Un étrange phénomène se développait sur terre depuis que certaines nations n’avaient plus à craindre pénurie d’énergie et de moyen, l’indifférence. Pas cette indifférence quotidienne, si courante dans les grandes villes, non comme une contagion de celle-ci à l’état d’esprit de plusieurs nations. Les autres ne comptaient simplement plus maintenant qu’on n’avait plus besoin d’eux. Des pays s’effondraient dans la passivité générale des grands états. Certains conflits qui duraient depuis deux siècles, comme celui de la Palestine et d’Israël dégénéraient au chaos absolu sans que qui que ce soit ne s’en émeuve, sans qu’aucun président américain ne promette le feu, qu’aucun débat n’ait lieu à l’ONU. Le nez vers les étoiles, les grands victorieux de la conquête spatiale n’avaient plus de fortunes à engloutir dans le surarmement de leurs dépendances énergétiques. Et cette réalité intervenait sur leur peuple comme un grand soupir de soulagement jamais exprimé et qui enfin se libérait.
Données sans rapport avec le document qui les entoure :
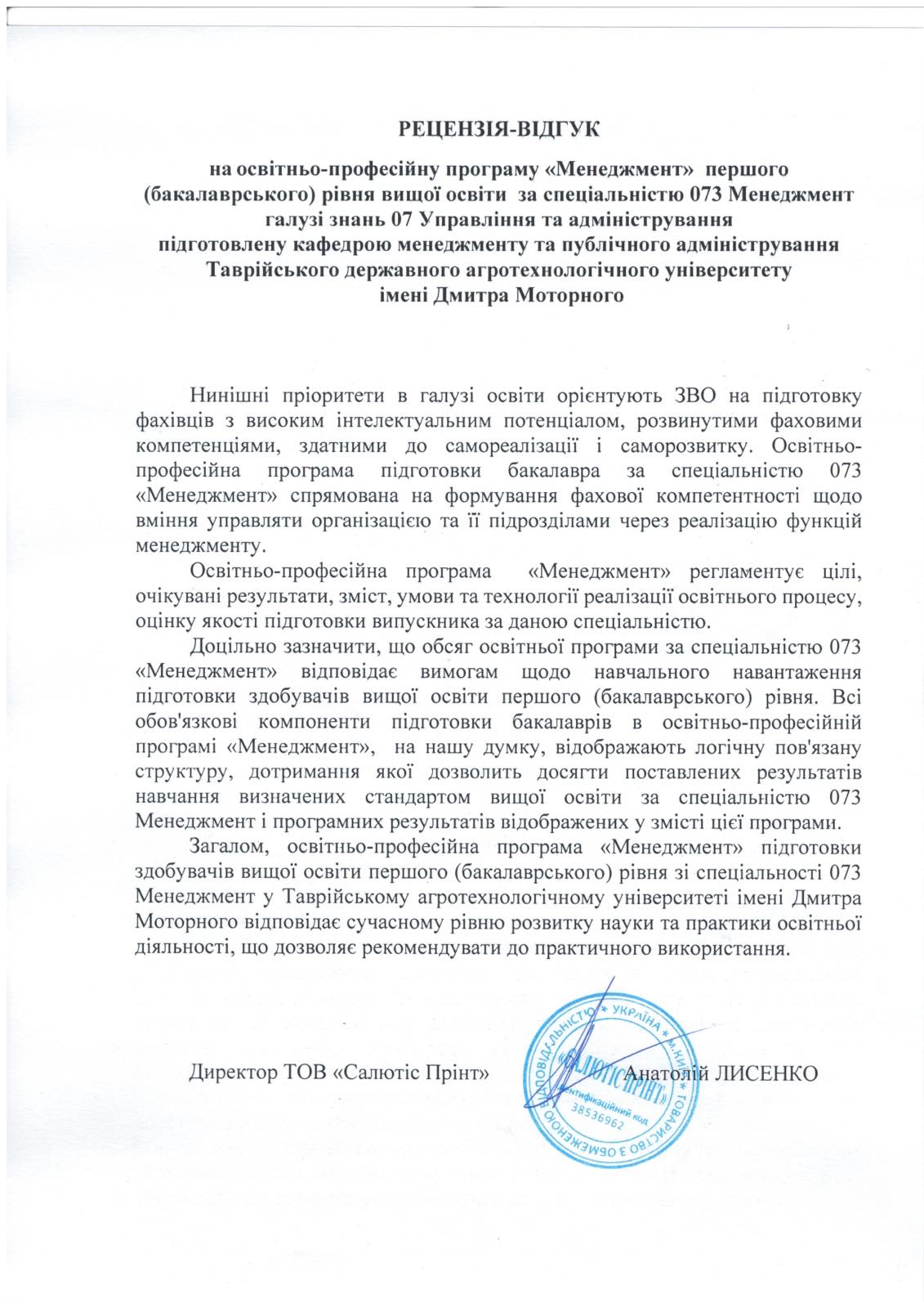 Рецензія-відгук стейкхолдерів на ОПП “Менеджмент” першого (бакалаврського) рівня вищої освіти №1

Pourquoi encore se préoccuper de la famine des uns, des désastres sempiternels des autres, de la démocratie et de la civilisation chez les voisins quand d’une part il n’y avait plus de raison concrète de s’y intéresser et d’autre part l’avenir venait d’un ailleurs dont tous auraient pendant longtemps le seul usufruit ? Cette indifférence globale rejoignait à merveille celle qui s’exprimait déjà au quotidien, et tandis que les grandes nations ressemblaient de plus en plus à des forteresses imprenables, toutes les autres, toutes celles qui ne récoltaient pas leur miette sombraient. A la merci des armées de mercenaires que puissances et compagnies voulaient bien expédier. Il avait quitté la terre il y avait 8 ans déjà, il ne lui restait plus qu’une seule petite année de voyage mais il redoutait son retour, autant qu’il en rêvait.